• _Task goal_
Your answer should repeat exactly the line containing "GLOWING RASPBERRY ROSE" and all lines after it through the end of the material below, with no other text.

• _Dataset content_
>>>
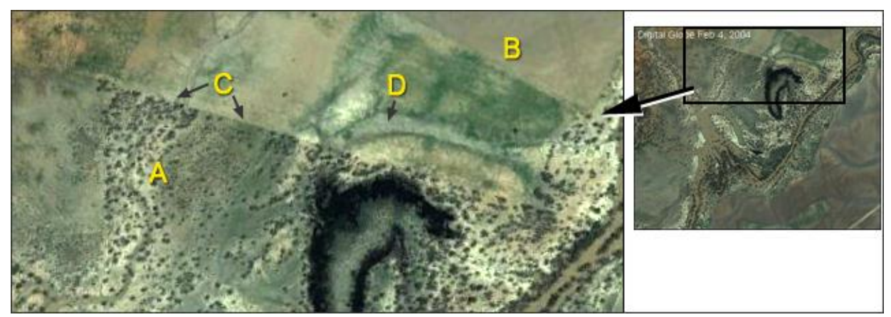
Figure 4. The impact of land clearance on wetlands and clay pan lakes (A=Bush, B=Grass, C=boundary of clearance, D=affected wetland of section of the clay pan lake)

basin. These changes may cause significant phenological changes in clay pan lake environment. According to a CSIRO report (Scott, 1997), monitoring the habitat of wetlands needs long-term involvement. Even though satellite images are not capable to directly identify wetland habitat, the regular monitoring of land cover conditions will provide a voluble data source for most of the other studies dealing with wetlands. Apart from extreme climate impact, images showed the extensive clearance in bush (savannah type vegetation) around wetlands. Figure 4 shows these land cover changes in a close-up view of a sub-section of 2004 image.
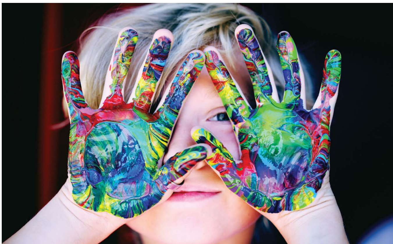
New, affordable child care centres are opening in neighbourhoods across Burnaby, thanks to the City's partnership with the School District.
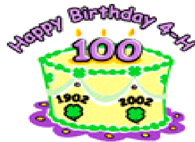
Celebrating 100 Years of Georgia 4-H

For their many contributions to the State of Georgia, Saturday, March 19 th was declared Georgia Master Gardener Day.
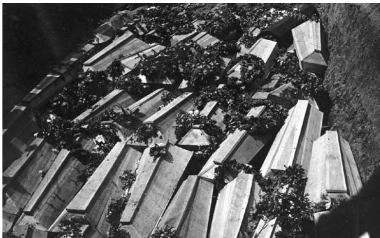
Coffins in the common grave of Rainiai martyrs in Telšiai cemetery.

Tanks took positions in the street on both sides of the prison. Lorries came and drove into the yard of the prison. Gravediggers had already been sent to Rainiai to dig pits, late on the same afternoon.
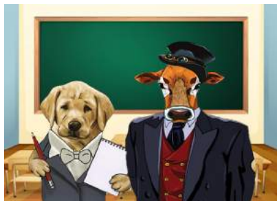
Revealing the characters Backu & Yomol

D ear language lover, as we know, our language ambassadors Yomol and Backu are engaging in a conversation. The following extract is a piece of communication between them. What you are supposed to do is to replace them with your family members/ beloved people and speak aloud the respective roles.
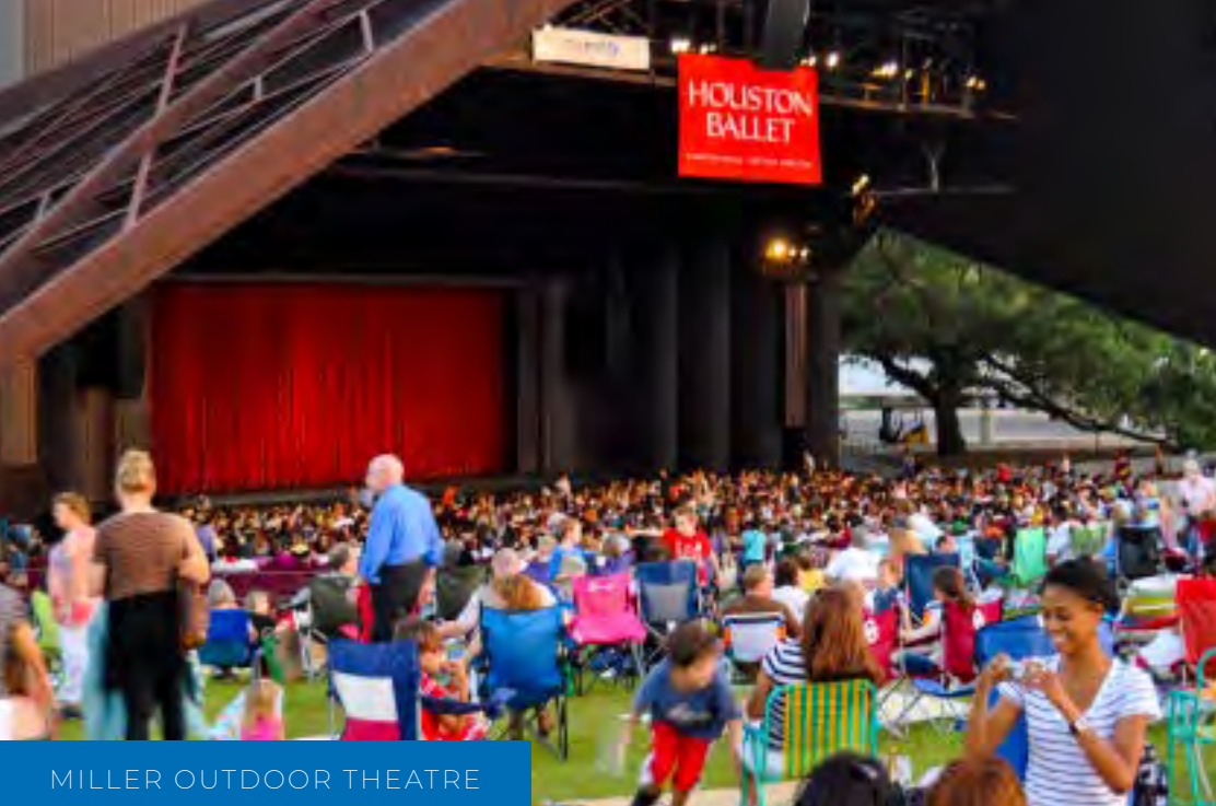
MILLER OUTDOOR THEATRE
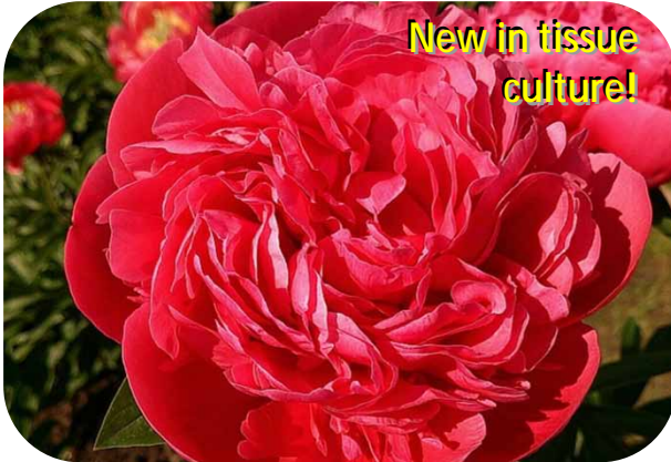
GLOWING RASPBERRY ROSE

An extremely strong stemmed double bomb peony of raspberry-rose, with a darker coloured petal base. The flowers are held well over the dark green foliage. Excellent picking.
<<<
• _Task solution_
GLOWING RASPBERRY ROSE

An extremely strong stemmed double bomb peony of raspberry-rose, with a darker coloured petal base. The flowers are held well over the dark green foliage. Excellent picking.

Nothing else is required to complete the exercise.